On Tuesday, many residents voiced grief and trauma infused with a sense of anger that the accused gunman, a local resident who had previously drawn the attention of the authorities, was still able to buy and use a high-powered gun, according to prosecutors. The accused, Robert E. Crimo III, faces 117 criminal charges, including murder, and has pleaded not guilty.
Long before the massacre, Highland Park, an affluent and politically liberal lakefront city of about 30,000 people, was a center of a national push for stricter gun laws. The city passed a municipal ban on certain high-powered rifles that led to a legal fight.
After the killings last year, local officials pushed the Democrats in control of state government in Illinois to tighten the state’s gun laws, which were already among the country’s most restrictive. In January, Gov. J.B. Pritzker signed a law banning the sale of many high-powered rifles, which gun rights supporters have challenged in court.
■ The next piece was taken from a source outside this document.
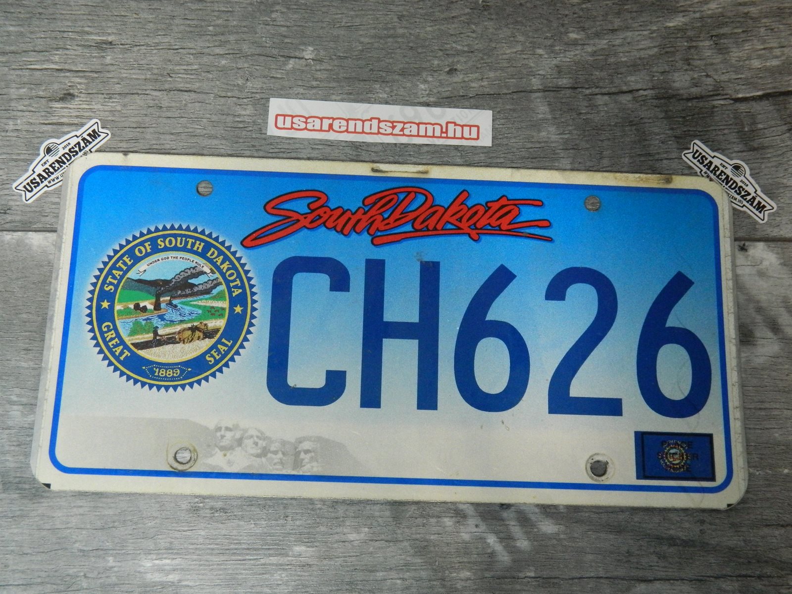 Eredeti, használt amerikai rendszám, dekorációs célra a képen látható állapotban.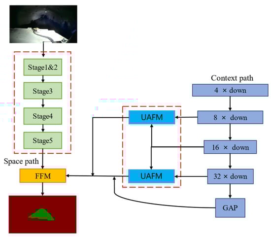 The underground mine road environment is complex, and has problems such as uneven roads, obstacles, and insufficient illumination. The mainstream deep learning model, although high in accuracy, cannot run complex deep learning network models due to the limited computing power of the mine car’s on-board computer. Therefore, in the face of the complex mine road environment, it is difficult to meet the real-time demand. BiSeNet’s semantic segmentation algorithm uses a lightweight backbone specially designed for classification tasks, and cannot give full play to the performance of the BiSeNet algorithm in the field of semantic segmentation. Due to the complex environment of underground mines and poor light conditions, BiSeNet using the classification backbone network cannot accurately identify roads. For the situation of underground mine roads, the network needs to be improved. STDC is a real-time semantic segmentation network proposed by Meituan, which gradually reduces the dimension of feature maps and uses aggregated information to represent images [30]. On BiSeNet, this study replaced the backbone network with STDC. By changing the backbone network, the real-time performance of the network model is improved, and can also achieve better real-time performance within the complex and changeable environment of the underground mine road. The improved BiSeNet mainly consists of a spatial path and a contextual path. First of all, the lightweight network short-term dense concatenate is used as the backbone network of the encoder in the space path, and the original three sets of convolutional layers are replaced. The replaced backbone is composed of STDC modules. The number of deep feature channels is small, and the number of shallow feature channels is large. The STDC module uses skip connections to enrich features, so that the lower layers have enough channels to encode more detailed information with smaller receptive fields, and the higher layers with larger receptive fields strengthen the expression of high-level information. The backbone network composed of STDC modules can reduce the calculation amount of the model network and improve the calculation speed. A unified attention fusion module (UAFM) is added to the context path, which enriches the feature representation. The UAFM improves the detection level of underground mine slopes through channel and spatial attention. The semantic segmentation network model of the improved BiSeNet is shown in Figure 3; the red box of the space path is the lightweight backbone network STDC, and the red box of the context path is the UAFM.

Mayor Rotering, a Democrat, has called for a national ban on such weapons.
“Somebody with a legally obtained weapon can choose to end a broad swath of a community’s life,” she said. “That to me is a human rights violation.”
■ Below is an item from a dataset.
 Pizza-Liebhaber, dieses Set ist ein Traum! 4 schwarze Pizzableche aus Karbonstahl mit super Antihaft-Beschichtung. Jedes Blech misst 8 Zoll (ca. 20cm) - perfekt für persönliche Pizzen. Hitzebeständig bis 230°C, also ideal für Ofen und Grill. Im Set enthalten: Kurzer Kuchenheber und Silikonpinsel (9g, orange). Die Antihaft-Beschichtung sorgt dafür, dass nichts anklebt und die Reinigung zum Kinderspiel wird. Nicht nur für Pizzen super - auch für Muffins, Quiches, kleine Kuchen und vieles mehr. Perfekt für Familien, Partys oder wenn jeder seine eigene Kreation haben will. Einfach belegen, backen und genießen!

Many residents wore shirts on Tuesday morning calling for stricter gun laws, and some held a demonstration in Highland Park in the afternoon.
Last year, Dani Cohn, a Highland Park native, was sitting in a lawn chair outside a pancake house with family members, including Jacquelyn Sundheim, when the gunfire started.
Though Ms. Cohn escaped physical injury, Ms. Sundheim, who was known as Jacki and who coordinated events at a local synagogue, was killed. Ms. Cohn recalled performing CPR and grabbing supplies from an ambulance in an attempt to save her life.
Ms. Cohn said it was important for her to be at the commemorations on Tuesday and to attend the protest calling for stricter gun laws, which her sibling, Lexi, organized.
“I am just kind of meeting myself where I’m at,” Dani Cohn said. “I don’t want to remember the Fourth of July as just being this tragedy. I want to remember and take action. Do something.”
As July 4 approached this year, city officials decided it was too soon to hold a parade again, but also important to gather. In addition to somber morning events, the city scheduled a drone show and a concert for the evening, giving residents a chance to celebrate the holiday without the noise of fireworks, which still sets many residents on edge.
Ghida Neukirch, the city manager, said residents of Highland Park did not want their city to be defined by the tragedy. But in planning for the holiday, officials had to take stock of the trauma people still carry, especially in large crowds.
“I was at my daughter’s graduation,” Ms. Neukirch said, “and I’m thinking about, how will I escape here? And how can I protect my family if a shooter starts shooting among this crowd?”
For some who lost loved ones, the shooting profoundly reshaped how they thought about Highland Park. As children, Jon and Peter Straus sometimes attended the parade with their father, Stephen Straus. He was among those killed last July 4.
The elder Mr. Straus, who at age 88 still commuted by train to his job as a financial adviser in downtown Chicago, was a familiar face in Highland Park, where he took long walks around town.
“We were with him the night before he died, and he told me he was going to the parade, and it didn’t surprise me,” Jon Straus said in a recent interview. “He just liked to be out and about. He liked to be where the action was.”
The Straus family is one of several who have sued a gun manufacturer over the shooting, claiming that irresponsible marketing of the high-powered rifle used that day helped lead to the tragedy. The violence also changed the brothers’ relationship with their hometown. A few weeks ago, the family sold their childhood home.